Record excerpts:
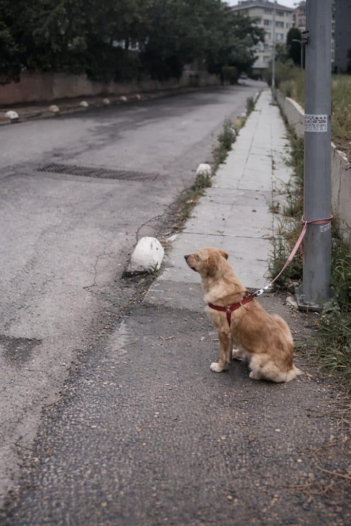 The dog didn’t panic. He didn’t bark or pull against the chain. Instead, he stayed exactly where he was, eyes fixed on the direction the car had disappeared. To him, this wasn’t abandonment. It was a pause. He waited patiently, convinced his person would return. Passersby noticed him. Some stopped briefly to pet him, offering quick comfort, then continued on their way. The dog remained, chained and hopeful.
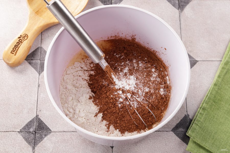 Снова перемешайте тщательно венчиком, чтобы блинное тесто стало однородным. Оставьте тесто для шоколадных блинчиков на столе на 15-20 минут, за это время все ингредиенты вступят в более «тесный контакт». Сковороду слегка смажьте растительным маслом, чтобы первый блин не получился комом.
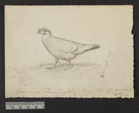 Drawing depicting: Tragopan temminckii -- Temminck's Tragopan. Alternate name on piece: Cerionis temmincki [Temminck's horned pheasant]
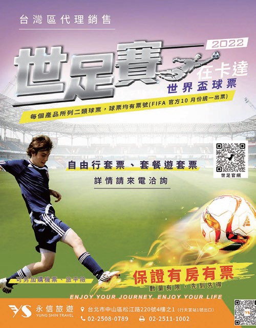 永信旅遊推出台灣區代理銷售球賽套 票行程,分為自由行及套餐遊兩種,入 住國際四星級連鎖飯店Holiday Villa Hotel & Residence Doha杜哈假日別墅飯店,飯 店內自助式餐點種類豐富,有適合華人 口味的粵式、馬來西亞及中日料理,不 用擔心與當地口味不符;交通方面則有 機場-飯店-球場點對點接送;還能免費 協助辦理看球賽必備的HAYYA卡。隨著 10月中旬0+7正式上路,旅遊市場旺盛 需求已開始醞釀,不論球票、住宿、餐 食及車導,永信旅遊都能一次幫您處理 好,輕鬆迎接商機。
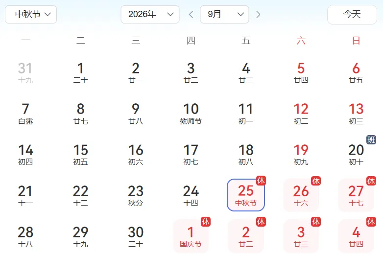 再结合2026年调休通知,9月20日(周日)因调休需要上班,这就排除了9月20日-21日考试的可能。
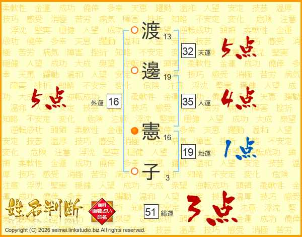渡邊憲子さんの総運は51画の3点!
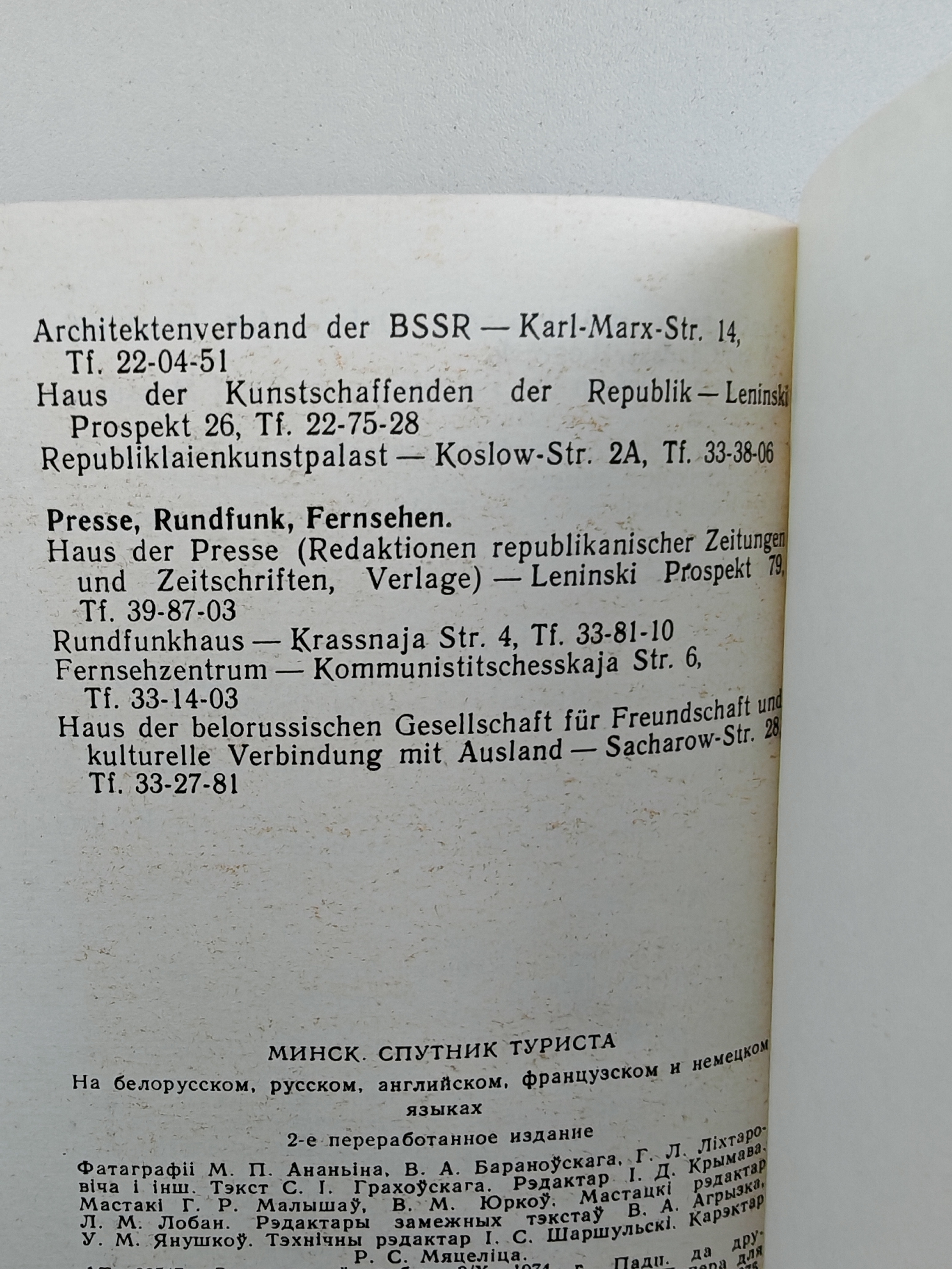 Путеводитель по столице Белорусской ССР на белорусском, русском, английском, французском и немецком языках. Содержит цветные и чёрно-белые фотографии, знакомит с архитектурой, достопримечательностями и повседневной жизнью Минска 1970-х годов. Предназначен для иностранных и отечественных туристов, интересующихся историей и культурой города. Сочетает практическую информацию (адреса, телефоны учреждений) с культурно-историческими очерками.
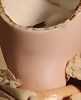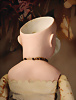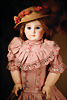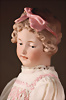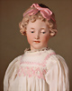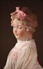 anmutige Charakterpuppe mit rosé getöntem Biskuit-Vollkopf, aus der Manufaktur der Gebrüder Heubach, dieses fein gearbeitete Modell 7865 gehört zu den qualitätsvollen Figuren der frühen 1910er Jahre, bekannt für ihre sensible Modellierung und ausdrucksstarke Mimik, kurz modelliertes, braun gelocktes Haar mit zart schattierter Bemalung, seitlich angesetzte, plastisch ausgearbeitete rosa Haarschleife, gemalten Augen sind in sanft gesenktem Blick dargestellt, mit stark modellierten Lidpartien, fein abgestimmten Brauen, originaler Kompositions- und Holzkörper mit Kugelgelenken, reizvolles antikes Kleid mit rosa Bestickung passende Seidenschuhe sowie originales Chemise, 33 cm Zustand: insgesamt exzellenter Zustand Wertigkeit: Gebrüder Heubach, Thüringen, um 1912, seltene Modellierung
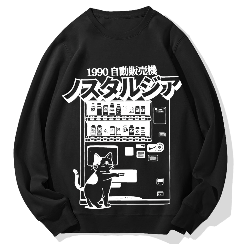 Retro Japan Cat Vending Machine 90s Anime Harajuku Nostalgic Cotton Sweatshirt
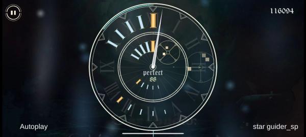 游戏整体的玩法是两个同心表盘,一大一小,note以表盘上数字的形式出现,两指针从表心出发,分别在内外两表盘内逆时针转动(两指针不一定以同样的速度转)。扫过note时点击,也有flick之类的。操作的时候不用点到表盘上,在屏幕内就可以,双押的话也是两只手指同时就可以,不考虑位置,操作还是比较简单的,容易上手
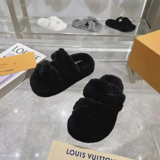LV Dreamy Flat Black Fur Slipper
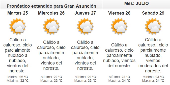 Desde la Dirección de Meteorología anuncian para este lunes un clima cálido a caluroso con vientos que rotan del noreste en gran parte del territorio nacional.
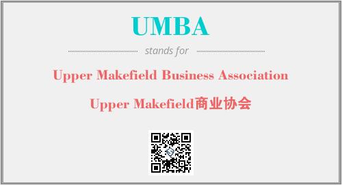 上述内容是“Upper Makefield Business Association”作为“UMBA”的缩写,解释为“Upper Makefield商业协会”时的信息,以及英文缩略词UMBA所代表的英文单词,其对应的中文拼音、详细解释以及在英文中的流行度和相关分类、应用领域及应用示例等。
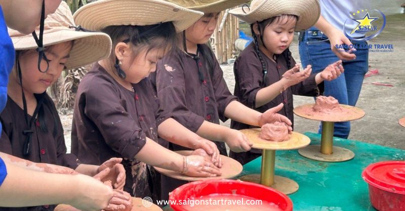 Làm Gốm: Học cách làm gốm truyền thống với bàn xoay và đất sét, từ đó tạo ra các sản phẩm thủ công mỹ nghệ.

Required work: Print every line of the material exactly as written, but drop the pictures.

Output for this task:
 The dog didn’t panic. He didn’t bark or pull against the chain. Instead, he stayed exactly where he was, eyes fixed on the direction the car had disappeared. To him, this wasn’t abandonment. It was a pause. He waited patiently, convinced his person would return. Passersby noticed him. Some stopped briefly to pet him, offering quick comfort, then continued on their way. The dog remained, chained and hopeful.
 Снова перемешайте тщательно венчиком, чтобы блинное тесто стало однородным. Оставьте тесто для шоколадных блинчиков на столе на 15-20 минут, за это время все ингредиенты вступят в более «тесный контакт». Сковороду слегка смажьте растительным маслом, чтобы первый блин не получился комом.
 Drawing depicting: Tragopan temminckii -- Temminck's Tragopan. Alternate name on piece: Cerionis temmincki [Temminck's horned pheasant]
 永信旅遊推出台灣區代理銷售球賽套 票行程,分為自由行及套餐遊兩種,入 住國際四星級連鎖飯店Holiday Villa Hotel & Residence Doha杜哈假日別墅飯店,飯 店內自助式餐點種類豐富,有適合華人 口味的粵式、馬來西亞及中日料理,不 用擔心與當地口味不符;交通方面則有 機場-飯店-球場點對點接送;還能免費 協助辦理看球賽必備的HAYYA卡。隨著 10月中旬0+7正式上路,旅遊市場旺盛 需求已開始醞釀,不論球票、住宿、餐 食及車導,永信旅遊都能一次幫您處理 好,輕鬆迎接商機。
 再结合2026年调休通知,9月20日(周日)因调休需要上班,这就排除了9月20日-21日考试的可能。
渡邊憲子さんの総運は51画の3点!
 Путеводитель по столице Белорусской ССР на белорусском, русском, английском, французском и немецком языках. Содержит цветные и чёрно-белые фотографии, знакомит с архитектурой, достопримечательностями и повседневной жизнью Минска 1970-х годов. Предназначен для иностранных и отечественных туристов, интересующихся историей и культурой города. Сочетает практическую информацию (адреса, телефоны учреждений) с культурно-историческими очерками.
 anmutige Charakterpuppe mit rosé getöntem Biskuit-Vollkopf, aus der Manufaktur der Gebrüder Heubach, dieses fein gearbeitete Modell 7865 gehört zu den qualitätsvollen Figuren der frühen 1910er Jahre, bekannt für ihre sensible Modellierung und ausdrucksstarke Mimik, kurz modelliertes, braun gelocktes Haar mit zart schattierter Bemalung, seitlich angesetzte, plastisch ausgearbeitete rosa Haarschleife, gemalten Augen sind in sanft gesenktem Blick dargestellt, mit stark modellierten Lidpartien, fein abgestimmten Brauen, originaler Kompositions- und Holzkörper mit Kugelgelenken, reizvolles antikes Kleid mit rosa Bestickung passende Seidenschuhe sowie originales Chemise, 33 cm Zustand: insgesamt exzellenter Zustand Wertigkeit: Gebrüder Heubach, Thüringen, um 1912, seltene Modellierung
 Retro Japan Cat Vending Machine 90s Anime Harajuku Nostalgic Cotton Sweatshirt
 游戏整体的玩法是两个同心表盘,一大一小,note以表盘上数字的形式出现,两指针从表心出发,分别在内外两表盘内逆时针转动(两指针不一定以同样的速度转)。扫过note时点击,也有flick之类的。操作的时候不用点到表盘上,在屏幕内就可以,双押的话也是两只手指同时就可以,不考虑位置,操作还是比较简单的,容易上手
LV Dreamy Flat Black Fur Slipper
 Desde la Dirección de Meteorología anuncian para este lunes un clima cálido a caluroso con vientos que rotan del noreste en gran parte del territorio nacional.
 上述内容是“Upper Makefield Business Association”作为“UMBA”的缩写,解释为“Upper Makefield商业协会”时的信息,以及英文缩略词UMBA所代表的英文单词,其对应的中文拼音、详细解释以及在英文中的流行度和相关分类、应用领域及应用示例等。
 Làm Gốm: Học cách làm gốm truyền thống với bàn xoay và đất sét, từ đó tạo ra các sản phẩm thủ công mỹ nghệ.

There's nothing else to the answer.